Now, four months later, the other extreme happens. Drought. Dryness. Dryer than the Irish sense of humour. More cracks in the ground of dried out fields than craics dealt out in merry rounds. People can keep lubricated on beer, agricultural soil does not drink Lager. The nation is caught in the stranglehold of a hosing ban, and just when daddy has promised to lather the grimy family car! Such bad luck! Dad is lathering his throat with Guinness instead, hanging out in the pub with the boys to follow the Soccer World Cup rounds.
Mammy is consoling herself in the kitchen with ice-cool Chardonnay while concocting organic lemonade for the kids. Through the window she can see the smoke from the gorse fires raging worse than ever. How to fight them them under the regime of the hosing ban? Spraying with the remains of last year’s Prosecco, which has gone off anyway? Might be worth a try.
The Irish Tourist Board is discussing adding a new branch to the fleet of air-conditioned coaches. Caramel caravans would be an option. Camels can do without water for weeks and would thrive on the dry grass which is meanwhile covering all sun exposed areas in town and country.
Unfortunately, dry grass is not good for farmers and farm animals who need fresh green. Also, soon water throughs in the pastures will have to be filled with bottled Tipperary Water, River Rock and other brands, or, even worse, with imports like Evian, when natural wells dry up.

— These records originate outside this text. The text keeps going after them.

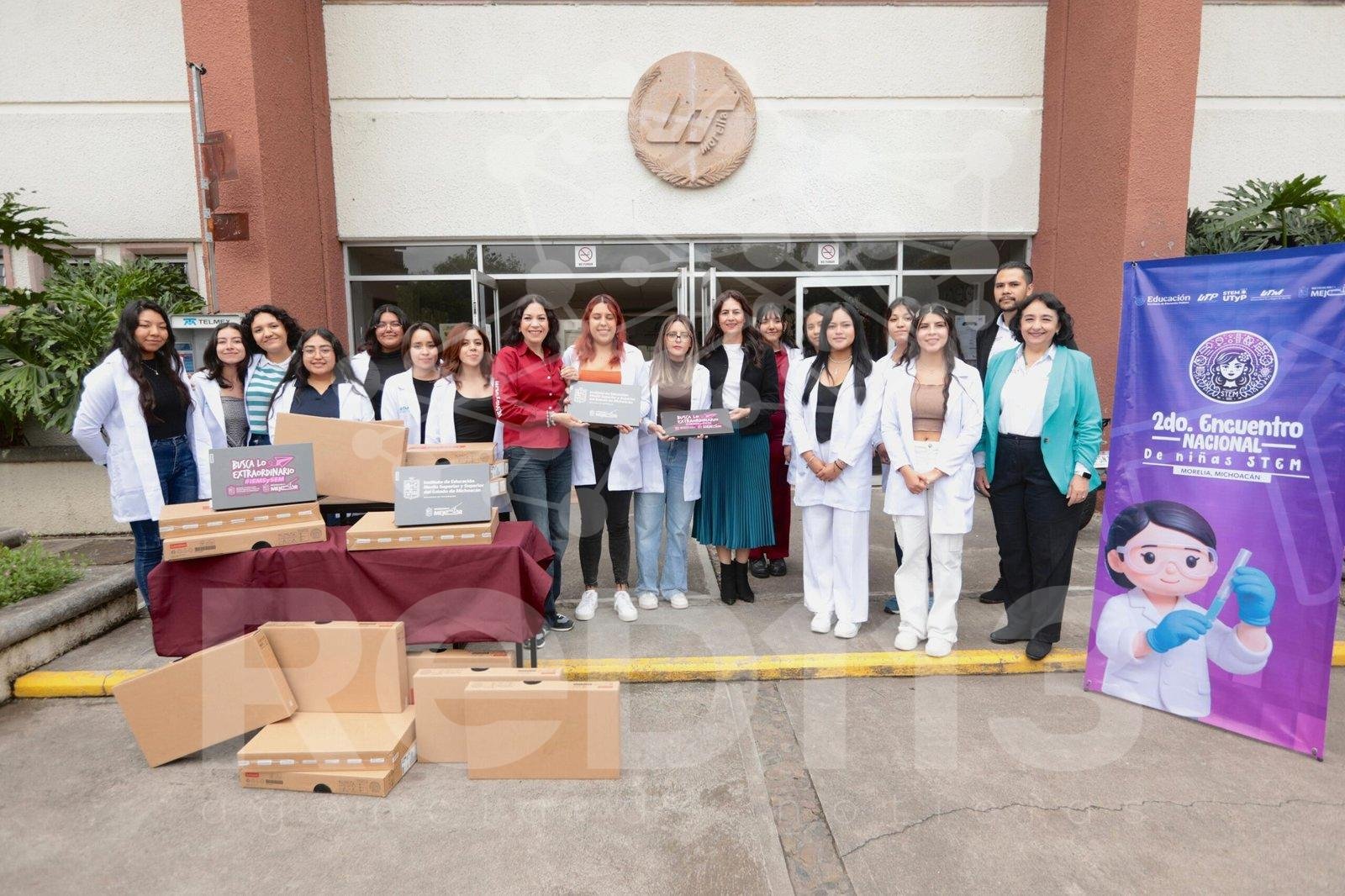 Morelia, Michoacán, 24 de junio de 2025.- Con la entrega de equipos de cómputo, el Instituto de Educación Media Superior y Superior del Estado de Michoacán (Iemsysem) reconoció a 16 estudiantes destacadas de la Universidad Tecnológica de Morelia (UTM), provenientes de los programas de Ingeniería en Biotecnología, Tecnologías de la Información e Innovación Digital, Diseño y Moda Industrial, Energía y Desarrollo Sostenible, Mecatrónica y Enfermería Bilingüe.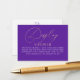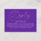Display shower purple and gold baby shower request card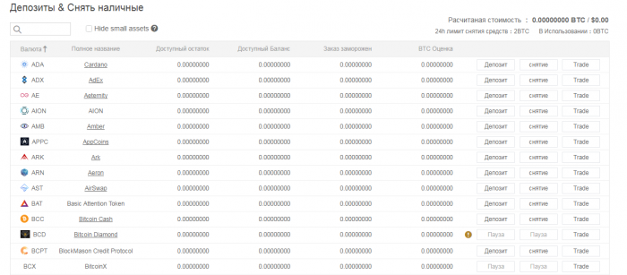 - Криптовалюты: BTC, HBTC, ETH, USDT, TUSD, USDC, HT, XMR, LTC, DASH, TRX, ADA, EOS, ZEC, XLM, XRP.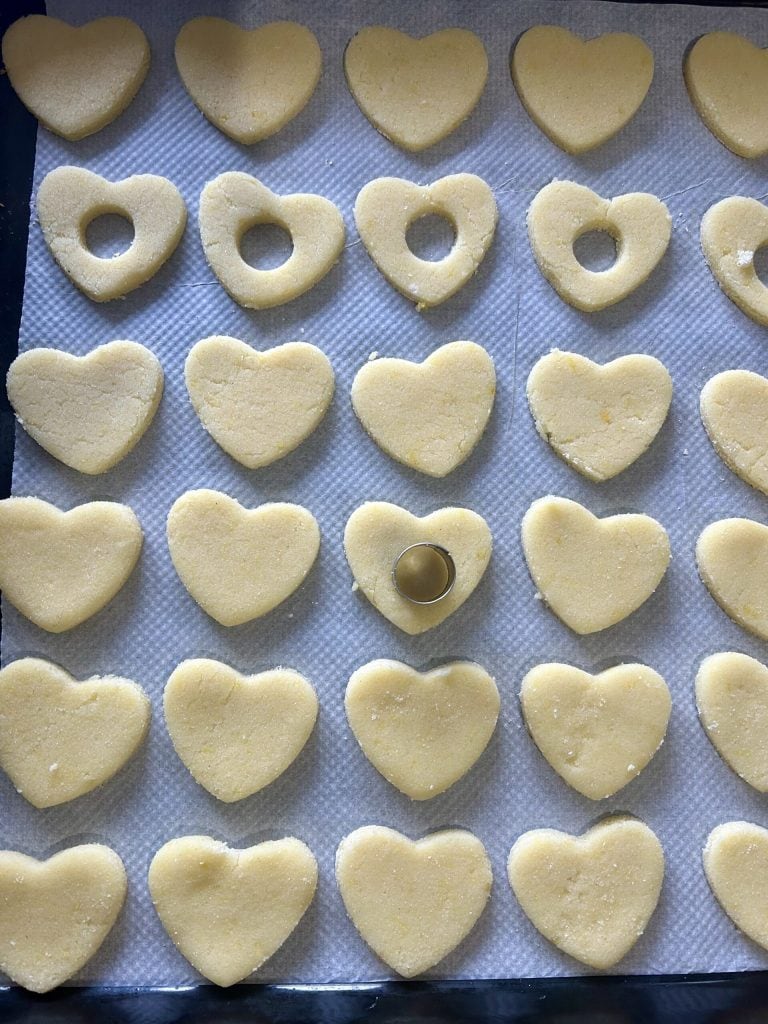 • Si vous souhaitez préparer des biscuits fourrés, suivez ma méthode : choisissez un emporte-pièce de la forme que vous préférez et découpez un nombre pair de biscuits. Sur la moitié d’entre eux, faites un petit cercle au centre de la pâte. Après la cuisson, vous étalerez la garniture sur le biscuit entier et le couvrirez avec celui découpé. Pour les biscuits, je vous conseille de les cuire au four à 180° pendant environ 10 minutes. Si vous utilisez la pâte pour une tarte, la cuisson sera d’environ 20 minutes.
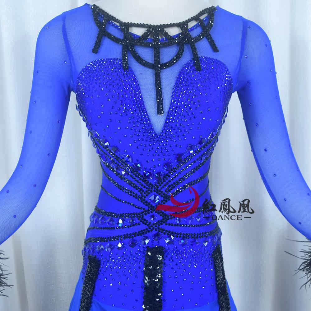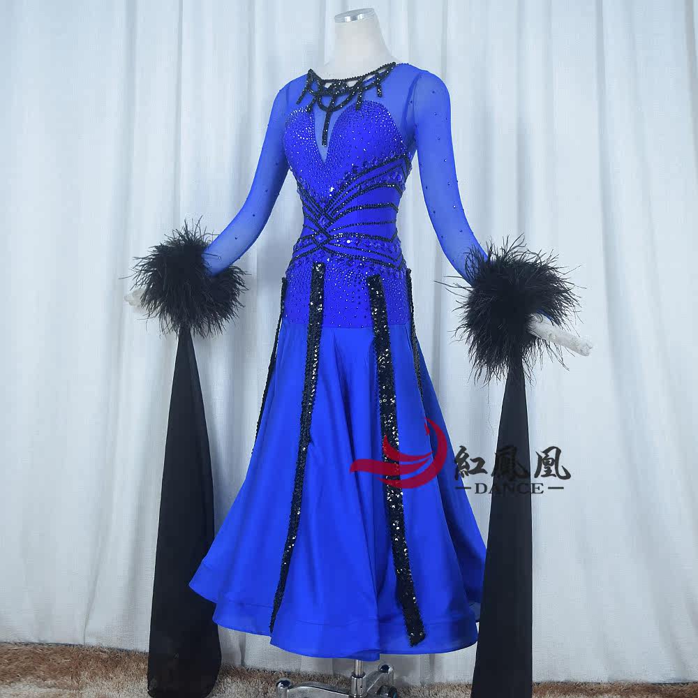Red Phoenix Treasure Blue Feather Section Morden Dance Competition Dress Waltz Fox Step Tango Performance Uniform 1009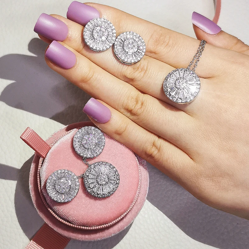 Набор женских ювелирных изделий из серебра 925 пробы, с круглыми кр...
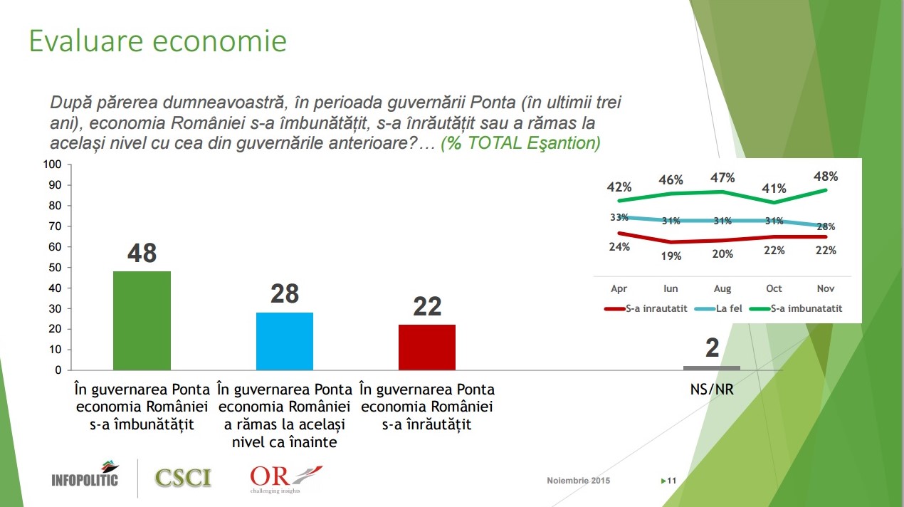 Conform sondajului, numărul românilor care consideră că în Guvernarea Ponta starea economiei s-a îmbunătățit a crescut cu 7 procente, de la 41% (octombrie) la 48% (noiembrie) - de peste două ori mai mare decât cei care sunt de părere că starea economiei s-a înrăutățit -22%.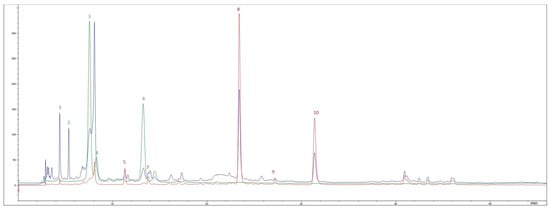 HPLC-DAD chromatograms of the hydroalcoholic extract obtained from red onion peels recorded at 280 nm (red line), 360 nm (blue line), and 530 nm (green line). (1) Taxifolin glycoside, (2) protocatechuic acid, (3) cyanidin 3-glucoside, (4) cyanidin 3-(6″-malonylglucoside), (5) quercetin 7,4′-diclucoside, (6) cyanidin glycoside, (7) quercetin 3,4′-diglucoside, (8) spiraeoside, (9) quercetin glycoside, and (10) quercetin.

Rumour has it that even the Irish Parliament is brainstorming feverishly behind the scenes. Secretly it hatches out plans to join the Arab Emirates. The sheiks know how to deal with temperature extremes and water shortage. On top, they’re experts on camel breeding. Can’t hurt to have a plan B, apart from the hosepipe ban.
P.S. After everybody had finally adapted to the Mediterranean conditions, and just after I had finished writing the above text, clouds gathered over Ireland. And now it's raining there, hallelujah! Eire has found back to its identity!